The Not-Outcast(76)



Warm. Toasty. Again.

But I had to focus. He’d been tense for a reason.

“What happened tonight?”

“We lost a game.”

“Cut.”

He sat on the edge of the bed, and I moved up behind him. My legs went around him, and I wrapped my arms around his shoulders, looping over the front of him. I propped my chin on his shoulder. “I saw Chad show up. I saw you guys going to the other box for a talk, and he didn’t come back with you.”

His head lowered, resting on my arm, and he reached up to lace his fingers with mine. His thumb started rubbing back and forth over my palm.

“Can we just leave it how it is?”

“You know anything he said won’t hurt me.”

He drew in another breath of air, going rigid.

I moved my legs so they were completely around him, and he hunched forward. I was fully plastered against his back, and his other hand went to my legs. He began running his finger up and down on the underside of my thigh.

Tingles were following in his trail, but I was holding my response back.

I knew that he needed to get this out, whatever it was.

“Cut.”

Another sigh. “I might be losing my best friend.”

My eyes closed.

Sadness billowed through me, and I rested my cheek against the back of his shoulder blades. “I’m sorry.”
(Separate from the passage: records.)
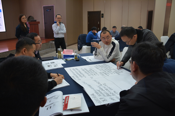 培训中,老师在带领大家学习复盘思想的应用方法后,让各小组就自己当前的实际工作进行复盘实操,并不断给予指导完善,从而引导大家进一步理解掌握复盘方法,并能够独立应用于未来的工作中;在变革领导力的学习中,老师采用游戏带入、头脑风暴等方法,促使大家转变工作角色和思维,不断提升团队工作效率;另外通过危机公关能力提升学习,让每一位管理者对危机有一个正确的认识,并学会如何科学处理危机事件,做到转危为机。
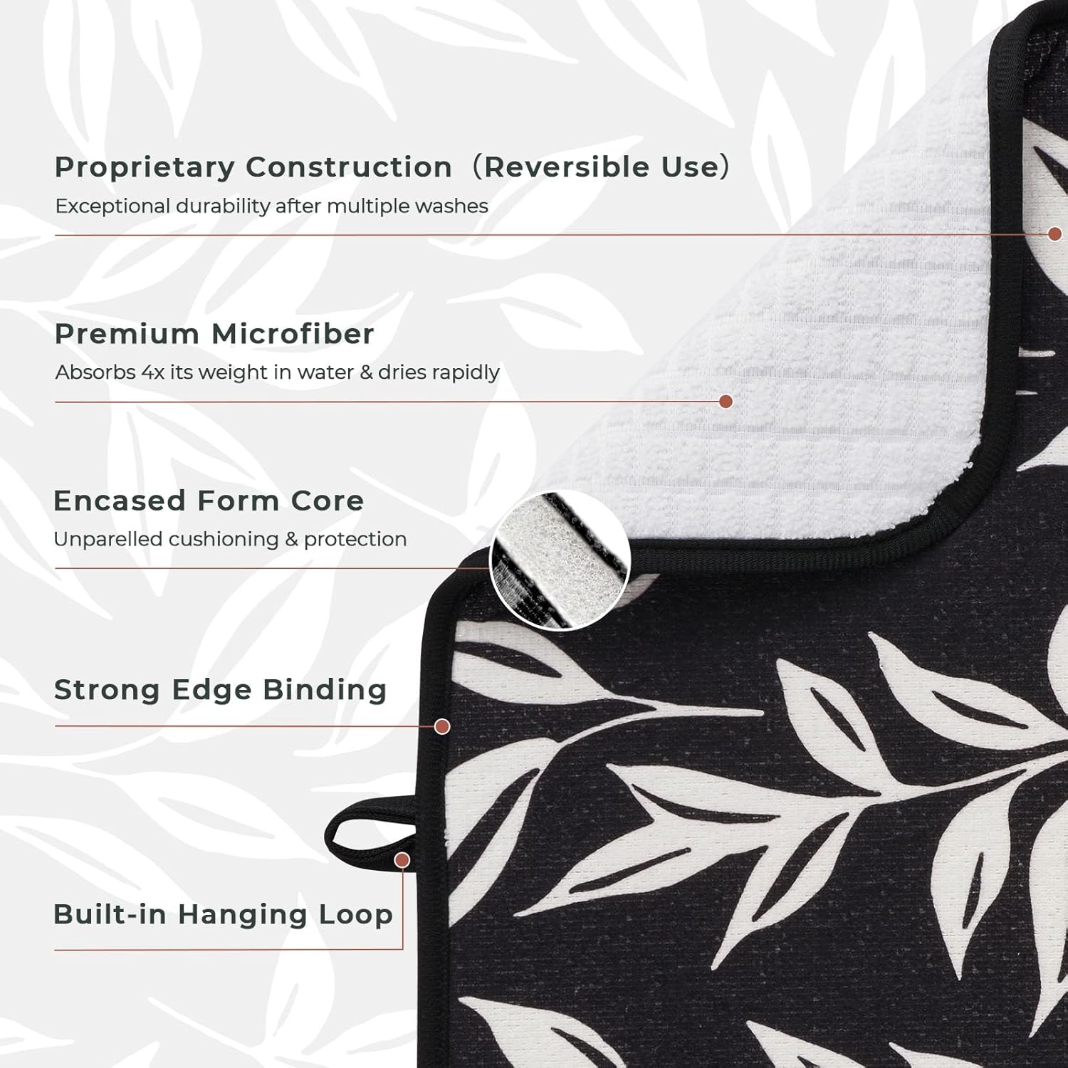 FRESHMINT Printed Dish Drying Mats for Kitchen Counter 2 Pack Absorbent Reversible Drying Mats Microfiber Kitchen Countertop Protector Dishes Drying Pad Extra Large 18"x24" Dish Mat
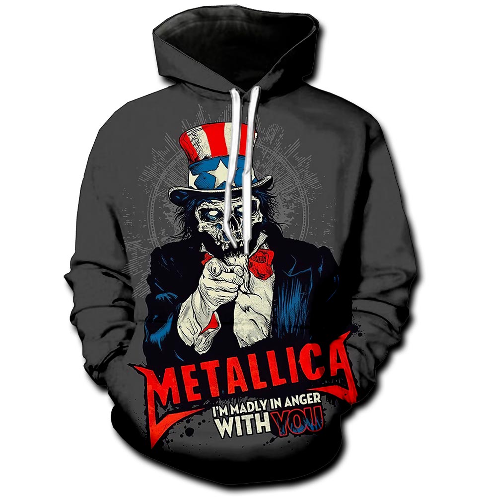 Metallica I?m Madly Anger With You Pullover Hoodie Product Features Along with its Metallica graphics, this cozy pullover hoodie features super-soft midweight material. Material: 95% polyester + 5% spandex. The fabric is durable and resistant to wrinkles, shrinking and mildew. Hood with drawstrings. Long sleeve. Front pouch pocket. Midweight hoodie suitable for moderate temperatures. Features...

“I know.” He squeezed my hand a little. “But that’s on him, not you and not me. And honestly, this could’ve come out later down the line.”

“This?”

“Whatever kind of thought process he’s got inside of him where he couldn’t see you were a fucking person.”

“Oh. That.”

“Yeah. That.”

Damn.

I didn’t want Chad to hurt anyone I cared about because of me, but it was happening.

“I’m sorry again.”

His hand stopped and then flexed over my thigh. “It’s nothing for you to be sorry about. It’s Chad.”

“You can’t make him think a certain way.”

“It’s a bit more than that. He needs to see you as a person, and he doesn’t. I don’t understand why he doesn’t.”

“I know people think certain ways about people who come from my beginnings, but I can’t explain the reason why they think like that.”

“Yeah.” His back rose and fell again, and he went back to rubbing the inside of my palm against his chest. “We’ll just deal with it, whatever happens.”

There were no words because I couldn’t take away his pain, like he couldn’t take away how I was raised. But I could do other things and I could say other words to maybe replace the hurt. My cheek against his back, I whispered, “You weren’t an idea for me.”

Saying it in person was a whole lot different than saying it over text. He needed to hear me say it tonight.

He sucked in his breath, his hand holding mine in an almost cement grip.

I kept on, “I think I did love you when I saw you.”

I didn’t think. I knew. I know.

“Are you telling me you love me now?”

My hand flexed under his now, and I went rigid, my thighs gripping him hard. And then, my eyes closing as I said it. “Yes.”

Please don’t leave me now.

Please don’t— He twisted, his hands went under my arms and he lifted me clear. He stood, but he was moving us back on the bed. His eyes were hooded and dark, and he didn’t want any more words.

I was laid down. He came down on top, his mouth was on mine, and he was hungry.

He was commanding.

He was demanding.

Oh yes, I definitely didn’t think he was going to leave.

Then, I answered him back.

His tongue swept in, and my toes curled.

There were no words to process this.

None at all.

He was touching me. He was kissing me. Loving me. And it felt like, finally.

Finally we were one.

Finally we were whole.

Finally I was with who I’d been waiting for all my life.

Finally.

I was lost in every touch, caress, whisper, every sensation. All of it. As the clothes were removed. As he moved over me. As I felt his arms, his chest, his hands. As I felt him slide a finger inside of me.

Our gazes were locked as he thrust inside, out, back in, and he moved his finger around. A second finger. I wanted him, but I was also helpless against the sensations he was building inside of me, and it was only after I climaxed that he repositioned and reaching down, I caught his hands.

I laced our fingers and he pushed inside.

I moaned, my head falling back. My throat was exposed and as he began moving in and out, his lips fell there and he was kissing me, tasting me all over again.

Every move, we were together.

My legs were wound around his waist.

Our hands stayed together, and he pinned them next to my head.

As he lifted himself up, going for a deeper angle, going harder, my eyes opened again. He was right there, staring into me. He was seeing me, all of me.

I was splayed out for him, for him to take, freely and willingly, and his eyes darkened as he began moving harder, faster.

It was building. Building.

Priming.

I was right there.

Then, he held a second, and I cried out.